Size: Comps typically have the same number of bedrooms and bathrooms, roughly the same usable square footage and the same presence or absence of a basement and garage.
Year built: Ideally, comps are of a similar age, unless one home has been extensively updated.
Quality: The comps selected should have similar updates and upgrades, similar finishes and features and should have been cared for at a similar level.
Taxes and fees: Savvy real estate agents also try to narrow comps by those with similar HOA assessments and similar taxes. Why? Because all factors should be close to equal.

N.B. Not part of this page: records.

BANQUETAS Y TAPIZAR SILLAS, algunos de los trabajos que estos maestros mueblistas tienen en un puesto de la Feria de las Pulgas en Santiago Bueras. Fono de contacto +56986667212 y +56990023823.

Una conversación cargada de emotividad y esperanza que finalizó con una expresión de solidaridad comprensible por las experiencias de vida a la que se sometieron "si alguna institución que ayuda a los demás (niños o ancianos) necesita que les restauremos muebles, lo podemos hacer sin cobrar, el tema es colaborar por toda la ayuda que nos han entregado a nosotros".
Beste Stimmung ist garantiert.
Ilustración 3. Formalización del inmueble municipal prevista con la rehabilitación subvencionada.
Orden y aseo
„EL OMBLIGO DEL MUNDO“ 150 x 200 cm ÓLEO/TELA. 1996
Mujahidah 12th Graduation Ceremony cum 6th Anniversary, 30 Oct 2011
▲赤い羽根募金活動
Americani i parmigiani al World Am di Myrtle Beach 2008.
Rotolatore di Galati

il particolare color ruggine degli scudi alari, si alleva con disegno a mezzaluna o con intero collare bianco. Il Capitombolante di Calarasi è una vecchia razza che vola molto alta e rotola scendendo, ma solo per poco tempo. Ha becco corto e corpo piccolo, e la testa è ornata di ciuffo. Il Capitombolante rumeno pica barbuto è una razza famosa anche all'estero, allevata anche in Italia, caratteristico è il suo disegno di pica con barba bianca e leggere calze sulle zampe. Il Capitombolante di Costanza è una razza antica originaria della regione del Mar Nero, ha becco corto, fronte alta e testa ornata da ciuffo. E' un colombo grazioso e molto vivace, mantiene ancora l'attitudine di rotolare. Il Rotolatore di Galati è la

Comparable homes are similar, but not identical
Of course, no two homes are identical, so your agent doesn’t need to find an exact match. Anytime they’re evaluating comps, agents will get as close as they can to the home in question, then adjust as necessary to make an informed recommendation as to the home’s value. Here’s an example of comps that are perfectly valid, but not identical, continuing with the example above:
- Comp 1 sold for $235,000. One fewer bathroom, same street and finishes, smaller yard.

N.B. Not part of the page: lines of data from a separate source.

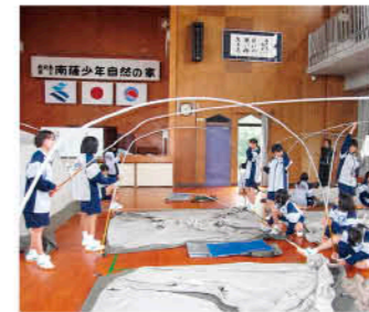
宿泊研修では自分たちでテントの組み立て

から仕事内容や職場の様子を聞くことで、職業を身近に感じ、進路選択への意欲を高める大切な活動となっています。 本校では、昨年度から「鹿児島県島県学力向上研究指定校」として、授業や家庭学習の取組の充実を図っています。具体的には授業始めの五分間テスト「吹中いろはチャレンジ」を実施。先生方は授業の共通実践事項「吹中6エッセンス」という取組を実践し、生徒に分かりやすい授業を展開しています。 今後も、吹上中学校の全ての活動に誇りを持ち、保護者や地域の方々の支えに感謝しながら頑張っていきたいと思えます。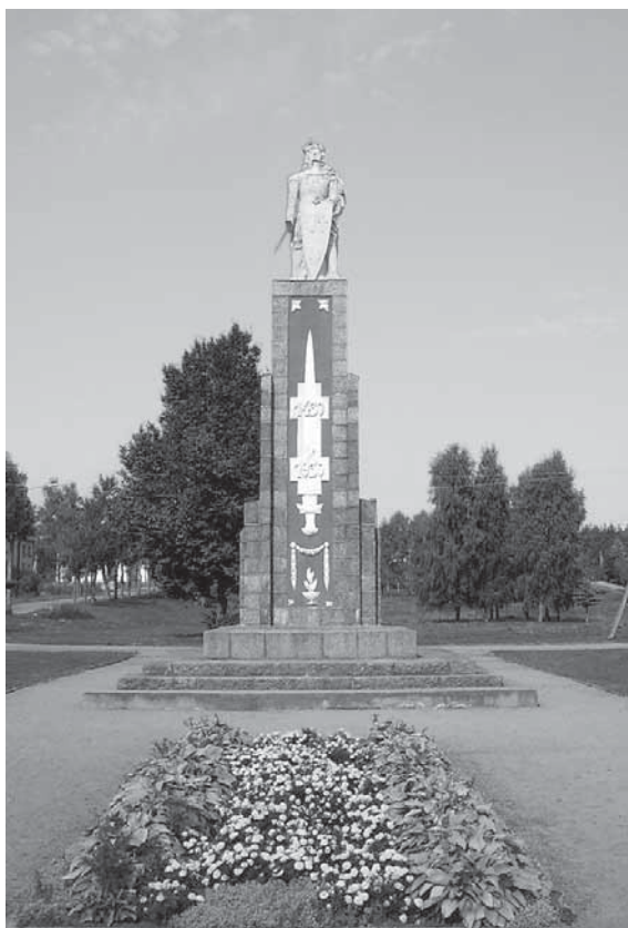
5 pav. Vytauto Didžiojo paminklas Perlojoje. Atidengtas 1931 liepos 18 d. Publikuota: Statyba ir architektūra , 1989, nr. 12.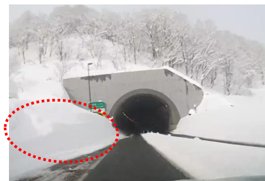
本線路肩部堆雪状況

- Comp 2 sold for $275,000. Same number of bedrooms and bathrooms, newer build, additional square footage due to finished basement.

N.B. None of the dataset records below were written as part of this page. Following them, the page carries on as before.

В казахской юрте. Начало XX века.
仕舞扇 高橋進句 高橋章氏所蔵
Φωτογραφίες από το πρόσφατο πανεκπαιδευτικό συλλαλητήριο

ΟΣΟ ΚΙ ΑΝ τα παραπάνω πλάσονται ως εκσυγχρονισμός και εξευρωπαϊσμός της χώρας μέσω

- Comp 3 sold for $245,000. Same number of bedrooms and bathrooms, same size, but not as updated.
Using these comps as a guide, the home you’re interested in buying, has a value of somewhere between $255,000-$270,000. Your agent can help you determine a competitive offer price.
How is a CMA different from running your own online comps?
Simply put, CMAs are provided by real estate experts in your local area who have access to more market details than a layperson. However, you can compile a preliminary home market analysis using public data online. When you’re ready to make an offer on a home, you may benefit from a professional comparative market analysis to pinpoint a fair and competitive offer price.
Here’s how CMAs are more valuable than simply researching comps on your own:
They’re more accurate: Real estate agents have access to additional information that buyers may not. For example, if an agent sees that a comparable property sold for an unusually high price, they may be able to call the listing agent to find out why — perhaps seller closing credits played a part in the high price. Or, if a property sold for less than anticipated, it could be because it was sold to a cash buyer who was willing to close quickly.
They incorporate unique information: Real estate agents have access to the local MLS, where they can source a wealth of information on a specific listing, provided directly from the listing agent. For example, they may be able to see the financing specifics of a recent comp, which can affect the final sale price.
They have local market knowledge: Every individual real estate market is unique, and the real estate agent drafting a CMA knows how to adjust prices to account for differences in homes that are more or less valuable in your specific area. They also know which neighborhoods and types of homes are in highest demand.
Remember, CMAs are an important tool in the home buying process. Without a properly prepared CMA, you risk overpaying for a home, and your home is likely your biggest investment. Overpaying for a home can have both short- and long-term consequences, from the lender appraisal coming back too low to the inability to make a good return on your investment when you sell the home down the road.
How to get a comparative market analysis?
If you’re working with a licensed agent, they can provide you with a CMA for every home you’re interested in putting an offer on during the course of your home shopping process. Usually, they’ll do this without you even asking. It’s part of their job to help you determine the best offer price for a home.
Is a CMA the same as an appraisal?
No, a CMA and an appraisal are different, although a similar process of comparing properties is used to gauge value. The key difference is that a CMA is completed by an agent and an appraisal is performed by an unbiased licensed appraiser. An appraisal is usually required by the lender during the escrow period in order to get your loan finalized.